Although the mechanism linking abdominal obesity and type 2 diabetes is not fully understood, several studies using anthropometric measurements have reported that upper body obesity—also known as “android obesity”—was more common in diabetic patients than in non-diabetic patients [25,26]. In 1969, Feldman et al. [26] demonstrated in a study of over 7,000 subjects that type 2 diabetic subjects had more total fat mass and that this mass was distributed in the upper body. Another study of some 15,000 women [25] showed that obese women who accumulated body fat in the abdominal area had a tenfold increase in their risk of diabetes compared to non-obese women who accumulated body fat in the gluteo-femoral region.

Ohlson et al. [17] conducted the first large prospective study on the link between fat distribution and the incidence of type 2 diabetes. The study involved 792 men selected by year of birth (54 years old) and followed for 13.5 years. The population sample was divided into tertiles according to body mass index (BMI) and waist-to-hip ratio (WHR) as a marker of relative abdominal fat accumulation (Figure). The authors found that the risk of type 2 diabetes rose in step with WHR within each BMI tertile. Even among non-obese men, being in the third WHR tertile was associated with an increased incidence of type 2 diabetes. Moreover, in the lowest WHR tertile, the risk of developing the disease did not increase with BMI. The subgroup with both elevated BMI and WHR were at highest risk of type 2 diabetes. Furthermore, elevated BMI and WHR increased the risk of type 2 diabetes thirtyfold compared to elevated BMI alone. These observations indicate that abdominal adipose tissue measured by WHR is an important marker of diabetes risk even when the degree of overall obesity is taken into account.

The role played by body fat distribution in type 2 diabetes risk has also been investigated in women. In 1989, a prospective study of 1,492 women followed for 12 years reported that WHR independently predicted type 2 diabetes [27]. In the Nurses’ Health Study—a prospective study conducted on a cohort of over 43,000 women free of diabetes and other major chronic diseases at baseline—Carey et al. [28] examined the 8-year incidence of type 2 diabetes among quintiles of baseline BMI and waist circumference values. They found a consistent increase in type 2 diabetes risk as waist circumference increased within each BMI category. They also found that a high BMI value predicted type 2 diabetes, even among women with a low WHR or low waist circumference values. The Nurses’ Health Study therefore yielded solid evidence that using waist circumference to measure abdominal obesity can enhance our ability to predict type 2 diabetes risk beyond what can be provided by BMI. However, BMI should be measured along with waist circumference to properly evaluate type 2 diabetes risk among overweight/obese patients.

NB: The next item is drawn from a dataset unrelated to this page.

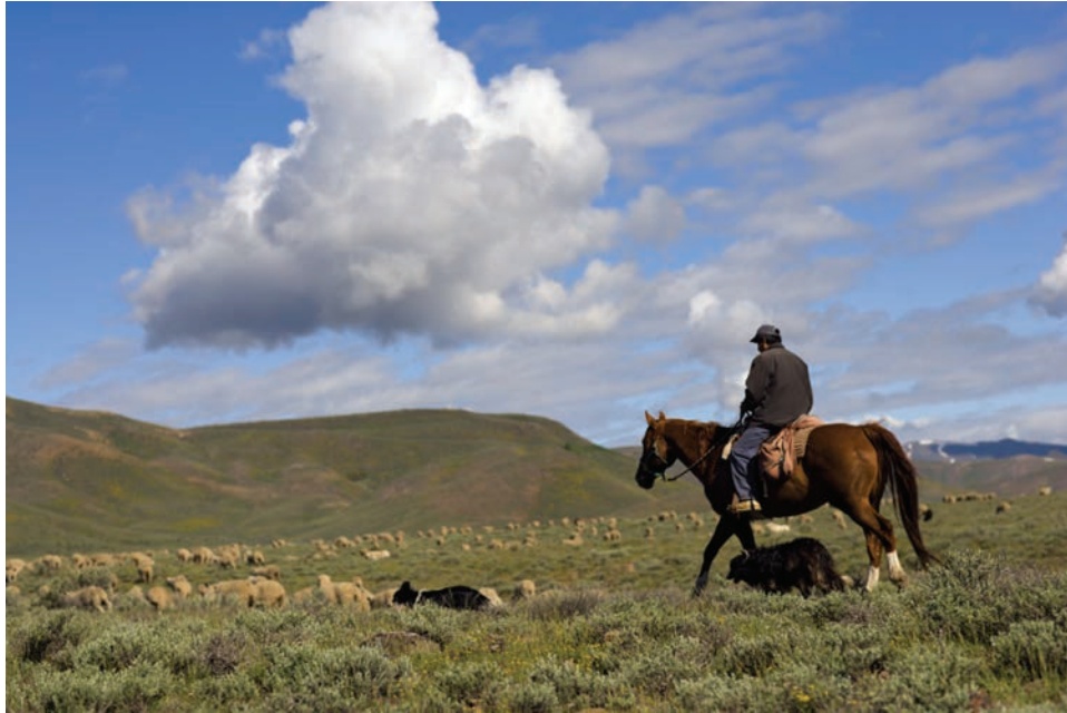
Fig. 1. —Lava Lake herder and herding dogs among the sheep.

unprotected areas, though the sheep are counted during shipping and at the end of the grazing season, which makes this scenario unlikely.

A large prospective study by Wang et al. [29] examined a cohort of over 27,000 men followed for 12 years. The study compared the predictive power of waist circumference, WHR, and BMI in diagnosing type 2 diabetes. To assess the independent and additive associations of overall obesity and abdominal adiposity to type 2 diabetes risk, subjects were stratified by BMI categories (30 kg/m2) and further classified by waist circumference (100 cm) and WHR (0.95). Study findings showed that type 2 diabetes risk increased with waist circumference and WHR within each category of baseline BMI, revealing that both overall and abdominal adiposity independently predict type 2 diabetes risk. The study also found that measuring abdominal adiposity using waist circumference and WHR provides a strong indication of type 2 diabetes risk, independent of overall obesity.

Upper Body Fat Distribution: the Importance of Visceral Adipose Tissue

Evidence is mounting in support of the notion that it is not excess body fat but rather high visceral adiposity that increases the risk of type 2 diabetes and CVD [30]. For a given amount of total body fat, individuals with more visceral adipose tissue are at substantially greater risk of being insulin resistant and developing atherogenic and diabetogenic complications [30,31]. It has been shown that visceral adipose tissue is more metabolically active and more closely tied to metabolic abnormalities than subcutaneous adipose tissue [32,33]. In 1987, Fujioka et al. [34] were the first to propose that a preferential accumulation of visceral adipose tissue could explain the deterioration in glucose and lipid metabolism observed in obese patients. They found that subjects with large amounts of visceral adipose tissue had higher fasting plasma triglyceride levels and higher plasma glucose responses following an oral glucose challenge than subjects who had the same total body fat mass (as measured by BMI) but a preferential accumulation of abdominal subcutaneous adipose tissue. Pouliot et al. [35] later quantified the respective contributions of subcutaneous and visceral fat to glucose intolerance and hyperinsulinemia in obese individuals. Two groups of obese patients were carefully matched for the same amount of total body fat but had either low or high amounts of visceral adipose tissue. The authors found that obese individuals with low levels of visceral adipose tissue had normal glucose tolerance when compared to lean controls. However, obese subjects with high levels of visceral adipose tissue showed an increase in their glycemic and insulinemic responses to an oral glucose challenge. Additional studies by Ross et al. [36,37] further explored the relationship between visceral adipose tissue and metabolic risk in men and women. When individuals who were matched for similar abdominal subcutaneous adipose tissue but had different levels of visceral adipose tissue were compared, it was revealed that subjects with high visceral adipose tissue had higher glucose values following an OGTT and lower glucose disposal values compared to subjects with low visceral adipose tissue. These results lend weight to the idea that obese individuals with excess visceral adipose tissue display alterations in indices of plasma glucose-insulin homeostasis and are therefore at increased risk of developing type 2 diabetes.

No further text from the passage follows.